* Task instructions *
From the listing below, output the lines between the one with "Đại tướng Nguyễn" and the one with "以《哪吒1》与《哪吒2》的I", including those two, and nothing else. Pictures are not copied.

* Given records *
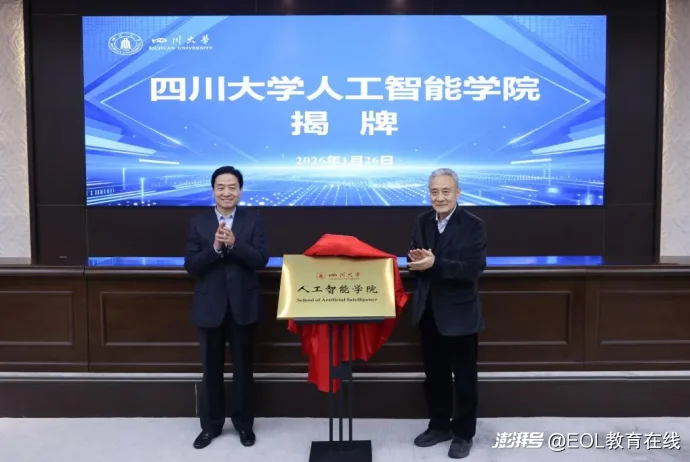 1月26日,四川大學人工智能學院揭牌儀式在望江校區(qū)明德樓舉行。四川大學黨委書記甘霖、校長汪勁松等全體校領(lǐng)導,各單位主要負責人,師生代表等參加儀式。甘霖、汪勁松為“四川大學人工智能學院”揭牌。
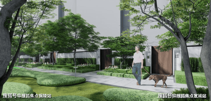 社区内部打造一带两轴三核的精致公园谧境。
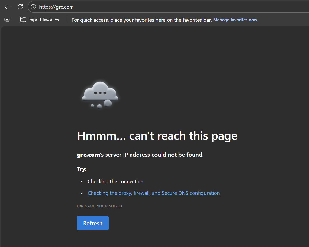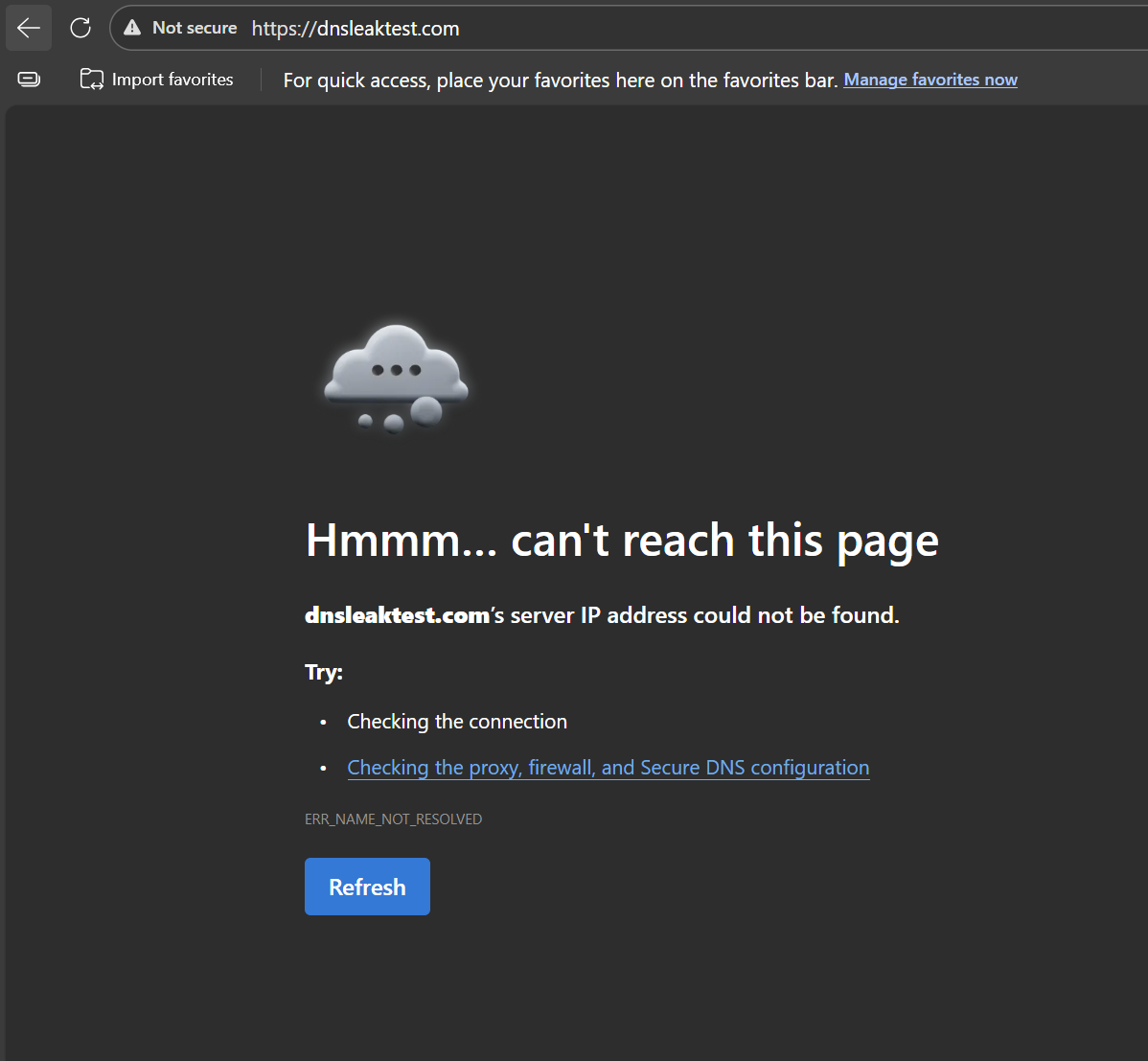 When accessing the domains grc.com and dnsleaktest.com, both result in an ERR_NAME_NOT_RESOLVED error (when using the Edge browser). Other browsers such as Chrome/Firefox also show an error indicating the page cannot be found.
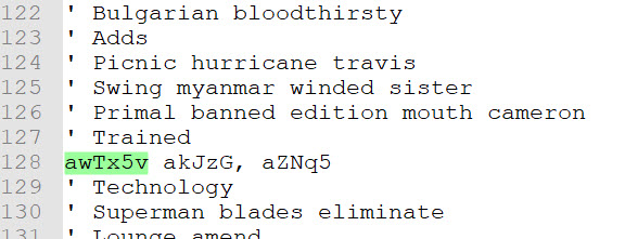 For example: highlighting “awTx5v” shows that it is being used on line 128, see the second screen shot. This could be an indication that it is legit malicious code or the bad guy is trying to throw off our analysis.
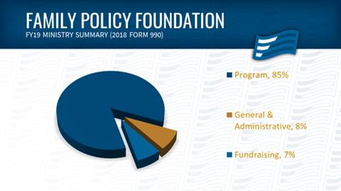 Family Policy Alliance is dedicated to the defense of moral values and the family. We realize that people are donating to our organization to defend the family, faith and freedom in this great nation. We also realize that it is our responsibility to use these precious gifts, that represent sacrifices from loving and concerned people, passionately and wisely to advance morality and family values as defined by biblical principles.
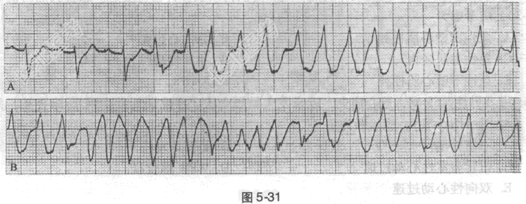 单项选择题患者男性,63岁, 冠心病史,近来发生晕厥2次。住院期间发生阿-斯综合征, 并记录到如下心电图(图5-31),可诊断为
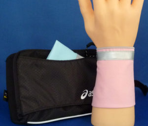 ハンカチを裏返せば(時計を外して)、リストバンドにもなります。
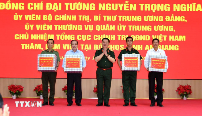 Đại tướng Nguyễn Trọng Nghĩa, Ủy viên Bộ Chính trị, Bí thư Trung ương Đảng, Ủy viên Thường vụ Quân ủy Trung ương, Chủ nhiệm Tổng cục Chính trị Quân đội nhân dân Việt Nam làm trưởng đoàn tặng quà cho các đơn vị. (Ảnh: Văn Sĩ/TTXVN)
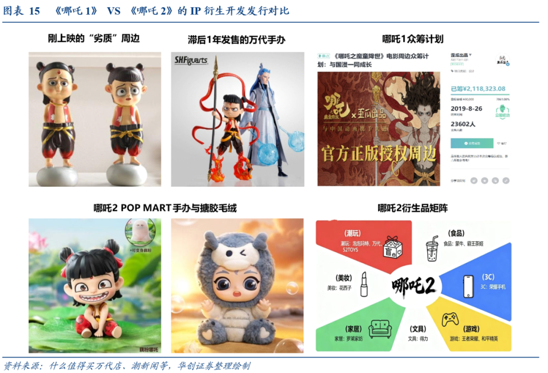 以《哪吒1》与《哪吒2》的IP衍生品产业开发为例,我们跟踪观察到中国IP衍生品工业化体系日趋成熟。
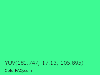 YUV 181.747,-17.13,-105.895 Color is a light green color and the nearest color is Eucalyptus #44d7a8. Hex code #3dfa93 and RGB value is rgb(61,250,147). In RGB color space, this color is composed of 24% red, 98% green, 58% blue, In CMYK color space, this color is composed of 76% cyan, 0% magenta, 41% yellow , 2% black , In HSL color space, this color has a hue angle of 147° , 95% saturation and 61% lightness.
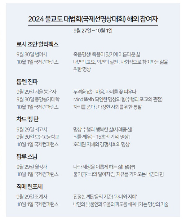 이들은 9월 27일 시작되는 환영 만찬을 시작으로 국제선명상대회 개막식, 특강, 컨퍼런스 등의 일정을 소화한다. 9월 28일 광화문광장에서 열리는 불교도대법회-국제선명상 대회 개막식에서는 조계종 총무원장 진우 스님과 무대에 올라 선명상 실참의 시간도 갖는다.
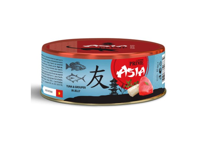 Prime Asia Tuna & Grouper in jelly Консервы Прайм Азия для взрослых кошек Тунец с рыбой групер в желе (цена за упаковку) 85г х 12шт
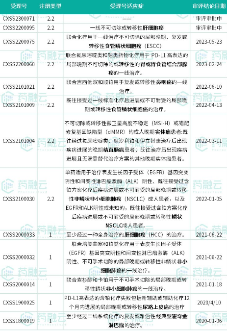 据药融云数据库,替雷利珠单抗注射液已在国内陆续获批11项适应症,包括食管鳞状细胞癌、胃或食管结合部腺癌、鼻咽癌、结直肠癌、非小细胞肺癌、霍奇金淋巴瘤等,其中,联合化疗用于一线治疗不可切除的局部晚期、复发或转移性食管鳞状细胞癌(ESCC)的适应症于今年5月获批。
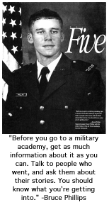 Some of his friends were a little skeptical about his choosing a military academy. "They laughed," Phillips says, explaining that, "I'm usually the type to talk back, and I don't take well to authority.
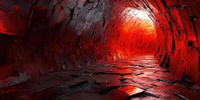 A Descent into the Abyss: A narrow, red-tinged tunnel, illuminated by an ominous glow, beckons the intrepid explorer into the depths of an unknown and possibly dangerous realm

* Result *
 Đại tướng Nguyễn Trọng Nghĩa, Ủy viên Bộ Chính trị, Bí thư Trung ương Đảng, Ủy viên Thường vụ Quân ủy Trung ương, Chủ nhiệm Tổng cục Chính trị Quân đội nhân dân Việt Nam làm trưởng đoàn tặng quà cho các đơn vị. (Ảnh: Văn Sĩ/TTXVN)
 以《哪吒1》与《哪吒2》的IP衍生品产业开发为例,我们跟踪观察到中国IP衍生品工业化体系日趋成熟。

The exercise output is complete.